_GOAL OF THE EXERCISE_. Since the records include pictures, leave those out while you reproduce exactly and only the lines from the one containing "92.96 エンチャントチップ,ベレムの箱,80レベルアイテム,84 レベルエリートアイテムをドロップしました." through the one containing "Longmarch berlanjut ke", inclusive.

_EXTRACTED DATA_.
* * *

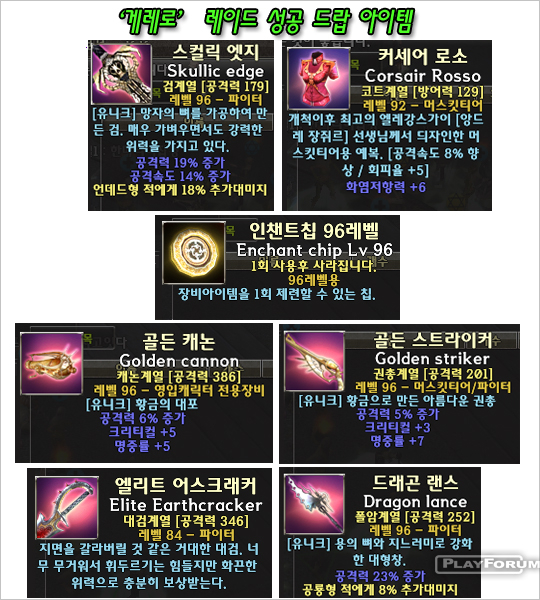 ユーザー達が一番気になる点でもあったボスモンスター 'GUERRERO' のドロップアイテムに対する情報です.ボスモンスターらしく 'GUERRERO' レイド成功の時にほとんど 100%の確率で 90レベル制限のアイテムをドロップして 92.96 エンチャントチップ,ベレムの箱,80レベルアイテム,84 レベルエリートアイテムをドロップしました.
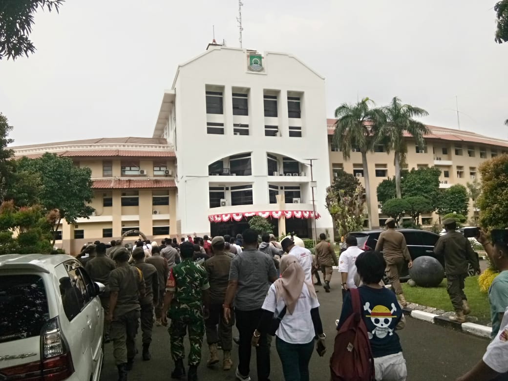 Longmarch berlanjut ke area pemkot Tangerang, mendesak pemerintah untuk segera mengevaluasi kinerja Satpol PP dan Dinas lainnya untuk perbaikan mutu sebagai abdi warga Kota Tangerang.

* * *

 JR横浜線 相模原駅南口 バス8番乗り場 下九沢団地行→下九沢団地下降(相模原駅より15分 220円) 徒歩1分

* * *

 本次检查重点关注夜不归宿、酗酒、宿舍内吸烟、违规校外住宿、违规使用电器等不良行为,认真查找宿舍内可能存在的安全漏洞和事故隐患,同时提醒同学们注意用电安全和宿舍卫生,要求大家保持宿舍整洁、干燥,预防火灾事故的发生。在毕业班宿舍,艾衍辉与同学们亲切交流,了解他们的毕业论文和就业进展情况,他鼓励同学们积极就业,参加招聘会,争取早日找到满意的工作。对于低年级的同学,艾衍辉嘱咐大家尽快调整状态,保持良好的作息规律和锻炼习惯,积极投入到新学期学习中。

* * *

_REPLY TO THE TASK_.
 ユーザー達が一番気になる点でもあったボスモンスター 'GUERRERO' のドロップアイテムに対する情報です.ボスモンスターらしく 'GUERRERO' レイド成功の時にほとんど 100%の確率で 90レベル制限のアイテムをドロップして 92.96 エンチャントチップ,ベレムの箱,80レベルアイテム,84 レベルエリートアイテムをドロップしました.
 Longmarch berlanjut ke area pemkot Tangerang, mendesak pemerintah untuk segera mengevaluasi kinerja Satpol PP dan Dinas lainnya untuk perbaikan mutu sebagai abdi warga Kota Tangerang.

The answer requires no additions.